Scott’s brilliant insight: This is about edges vs nodes:. Sovrin Identity is off-network, the SN is like a telecoms network, we need minimum criteria for a DID (like a 'phone number) and then focus on enabling connections (edges) rather than what they’re going to be used for or who’s making them (node). Building network and its traffic is all about the edges vs the nodes. There are plenty of examples in the world of telecoms to prove this point (https://en.wikipedia.org/wiki/Rabbit_(telecommunications))

This means that instead of thinking about a DID as representing an aspect or persona of a person, organisation or thing (the node), we think about each DID as representing a relationship (edge between an . A and B party, we hope that most connections will be A:A, an act of recognition of a persona. But often they will be A:B_n_

This is the difference between setting up a profile for your best mate on facebook, and posting a photo of your best mate on your own facebook profile. Even if it’s a bad actor trying to set up a DID impersonating you on the SN, that is still a valid relationship (ie you are his target).
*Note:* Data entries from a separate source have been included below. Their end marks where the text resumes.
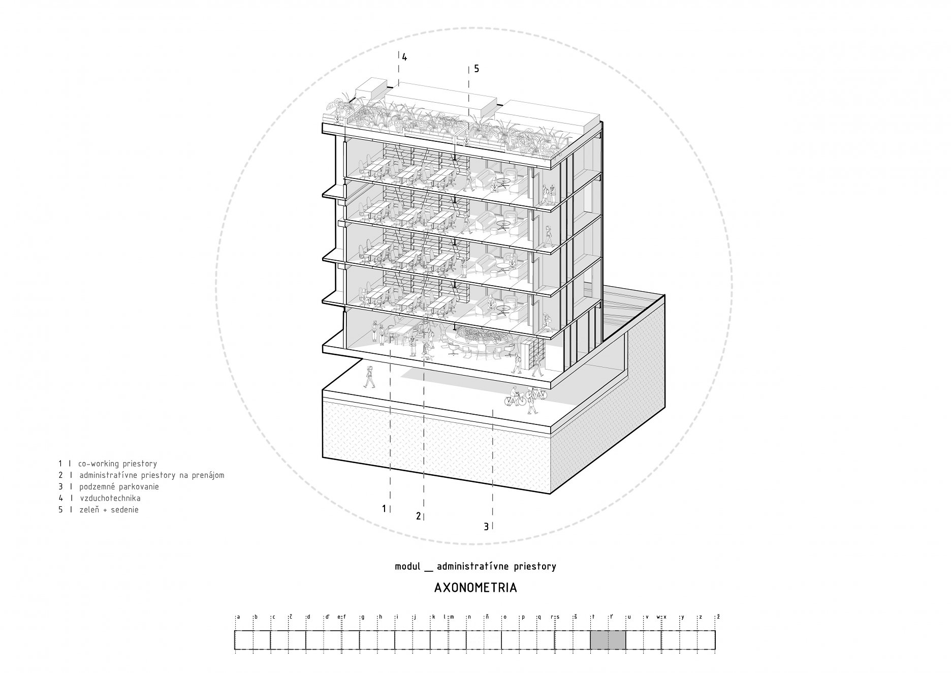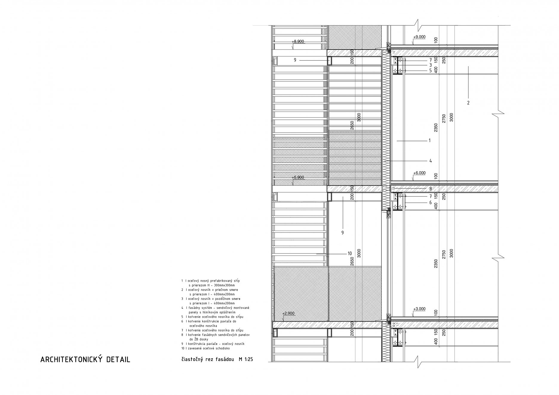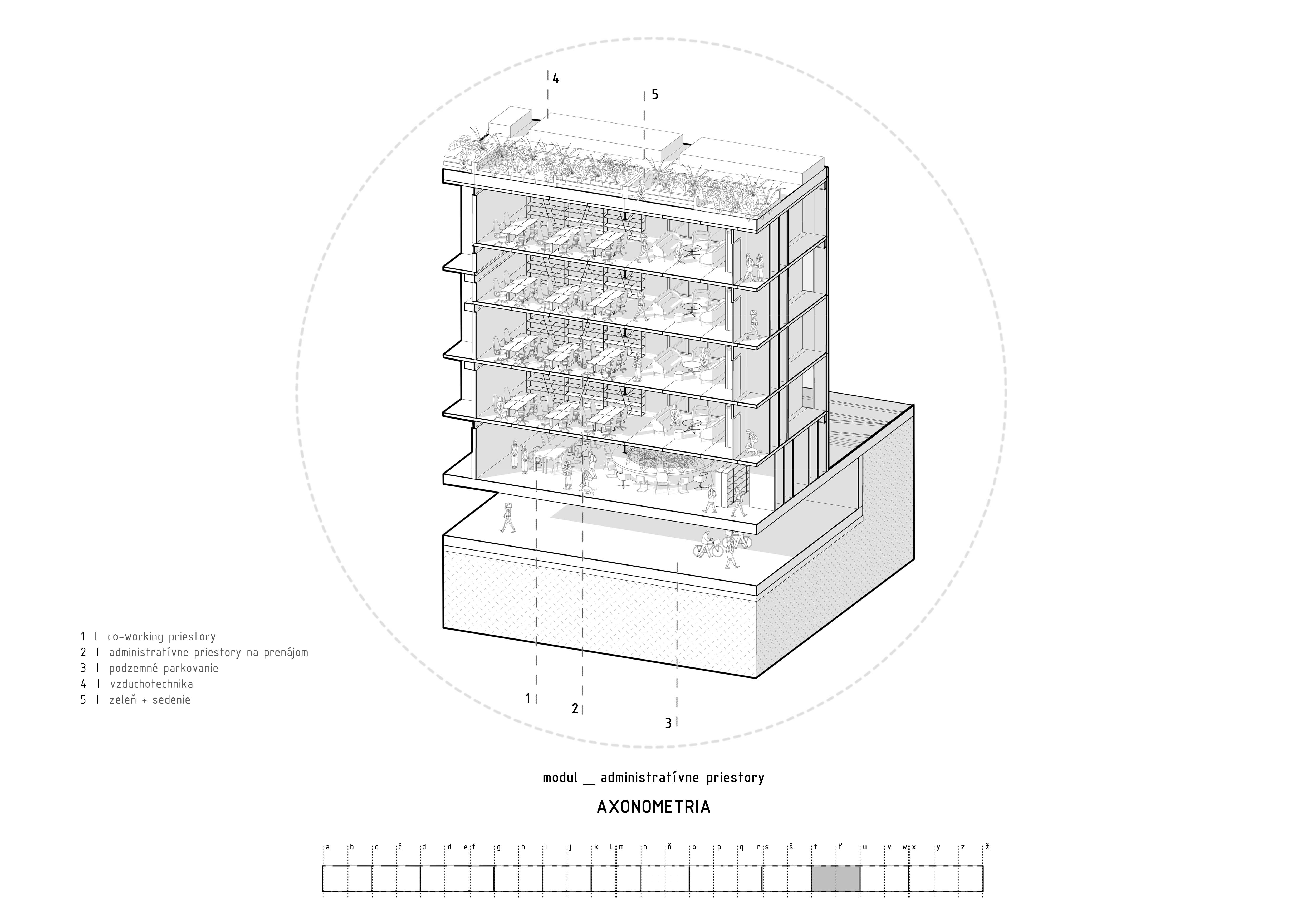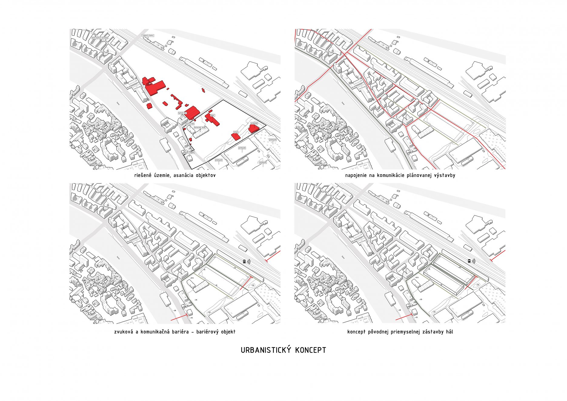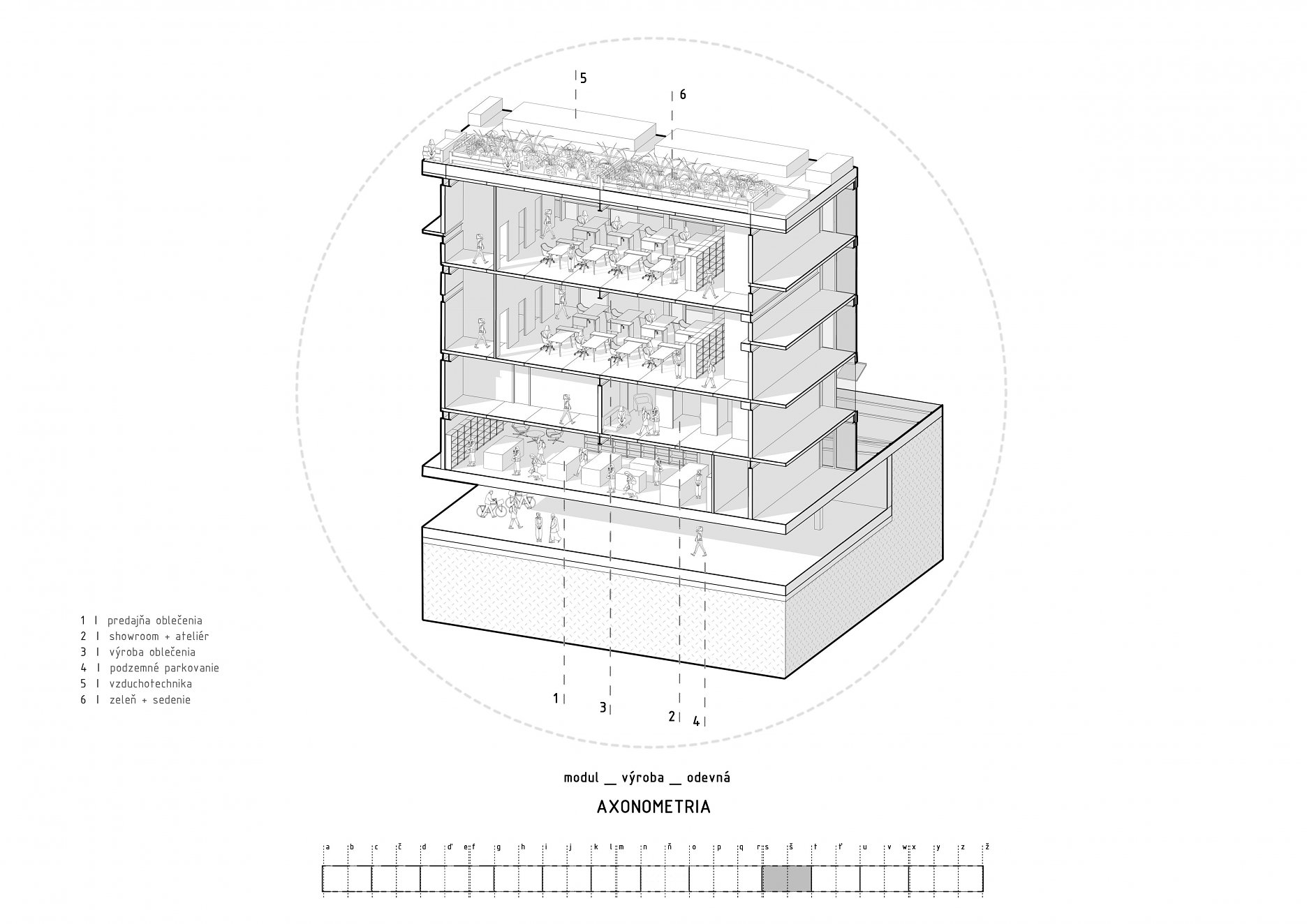 Postindustriálna zóna ovplyvnila konštrukciu navrhovaného objektu a pretavila sa do návrhu v podobe prefabrikácie.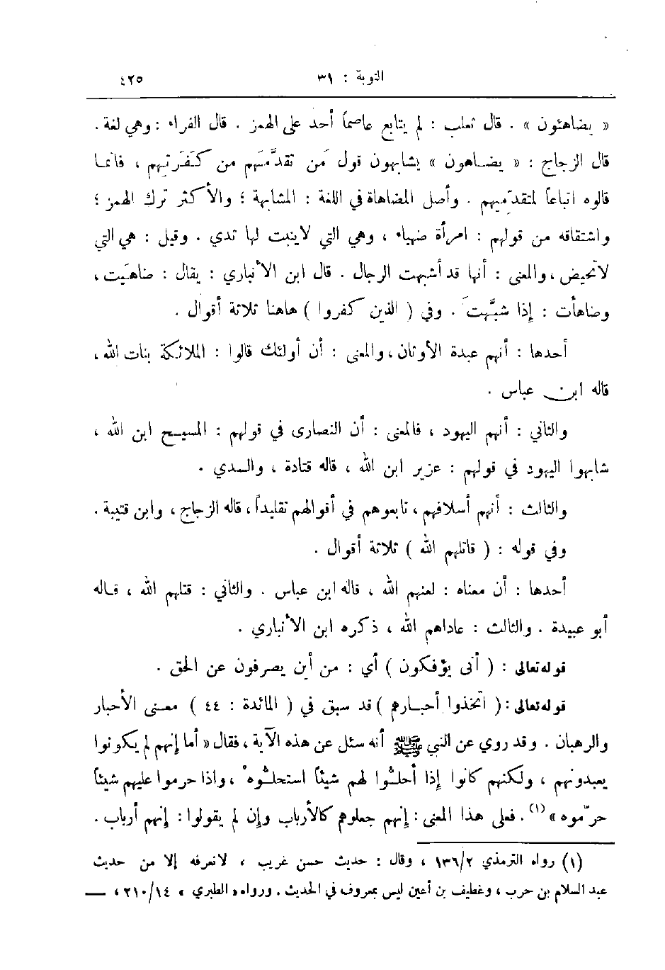 قوله تعالى اتخذوا أحبارهم قد سبق في المائدة معنى الأحبار والرهبان وقد روي عن النبي صلى الله عليه و سلم أنه سئل عن هذه الآية فقال أما إنهم لم يكونوا يعبدونهم ولكنهم كانوا إذا أحلوا لهم شيئا استحلوه واذا حرموا عليهم شيئا حرموه فعلى هذا المعنى إنهم جعلوهم كالأرباب وإن لم يقولوا إنهم أباب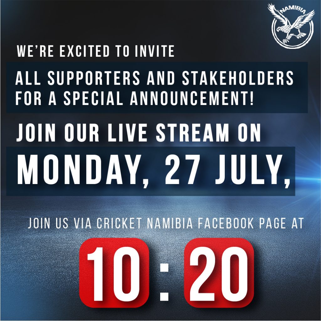 Not to be Missed Eagles Event Cricket Namibia is inviting you to be part of this exciting & memorable event with us on Monday, 27 July at 10:20. Definitely an event you wouldn’t want to miss out on. Click on the link below to watch the live stream on Monday at 10:20.
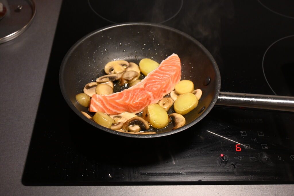 この日の夕食は、前日に買って冷蔵庫に入れておいたサーモントラウトをメインディッシュに。

The node-centric view of this is that each ‘Sovrin Identity’ (or possibly Identity Owner) is effectively their own many-faced god (http://gameofthrones.wikia.com/wiki/Many-Faced_God) going by different names (bits of PII) in different pantheons and faith structures (Trust Frameworks/ Contexts) but amounting to the same Sovrin Identity.

Implications?

Change IO obligation to:
" Use a Sovrin Identity to misrepresent a relationship you have with a natural person, legal organisation or thing, at the time when the DID is created or used to transact, that natural person might in most cases be you"
and/or
"Use a Sovrin Identity to lay claim to be another person, organisation or thing, at the time when the DID is created or used to transact"

There are lots of ways you could prove both without needing to know who the IO is who’s creating the DID

Could be some thoughts for the GA TF


#2

@NickyH, I just love the insight that DIDs on Sovrin represent an “edge” (relationship) rather than a node. And I love the “many-faced god” analogy even thought I haven’t been able to watch Game of Thrones yet (too much time spent developing protocols and trust frameworks :wink:

I think I get implications, i.e., your proposed revisions to the Identity Owner obligations in the Identity Owner Agreement. But I’d want to talk them through with you a little before I try to capture the new language.

Since we’re going to be revising that language anyway, I’m thinking I’ll post the proposed update here on the Forum after the special Trust Framework Working Group meeting we have on this topic tomorrow (Thursday) morning and then we can collectively polish it.


#3

Nicky, I am a bit lost, could you please clarify the meaning of “DID as a edge A:B” ?
A is the IO, while B is the TA issuing the DID?
A is the IO, while B is the party this DID is intended for (as a pairwise identifier)?
In both case, I cannot figure out what A:A and A:B_n_ stand for.
Thank you!


#4

Hi Luca

A Party & B Party, let’s call them Alice & Bob

If Alice sets up a DID for Bob as an edge it means ‘alice has a relationship of some sort with Bob’ vs as a node: Alice is pretending to be Bob

A:A Alice sets up a DID for herself as an edge, this is a relationship i have with myself in this context as a node: Alice is setting up a persona for herself

A:B_n_ Alice sets up a bunch of DIDs for Bob, Barbara, Bertie etc all friends coming to her 4th July Party, the DID as an edge represents that relationship between Alice and her B Party friends, she might set up other DIDs for these friends related to other activities they share. node: Alice is in fact trying to impersonate her friends and maybe a bad actor

A:B_n_ Alice Springs Tours Pty sets up a bunch of DIDs for their customers, they describe the relationship that the company Alice Springs Tours Pty has with those customers and can verify that their customers have indeed visited Uluru, and the art they purchased was genuine Aborigine art rather than a fake from Indonesia.

… does that make sense?


#5

Much clearer, thank you Nicky.
However, I miss the value of tagging relationships with a DID.
Identifiers are used to aggregate data, attributes, claims. Which data would be worth associating to the relationship?
My feeling is that what you are presenting is not a DID for the relationship, but a DID for representing Bob from Alice perspective (Alice’s view of Bob, hence a “fake” Bob). This “fake” Bob DID would be a muppet under Alice’s control…
Obviously, AliceSpringTourPty could attach a claim “has visited Uluru” to his fake customer Bob, but Bob would not be able to use that claim himself, since the DID would not be under his control.
Just trying to understand, so I apologize if I got it wrong…


#6

Hi Luca, I think we agree - Bob from Alice’s perspective = their relationship. I just thought it might help us think about the TF in a different way, like a telecoms network. If the act of creating a DID is like placing a 'phone call, and Bob doesn’t answer, it is indeed a fake Bob, and no claims can be attached but if Bob does answer, then the connection is completed, the relationship and associated claims are verified.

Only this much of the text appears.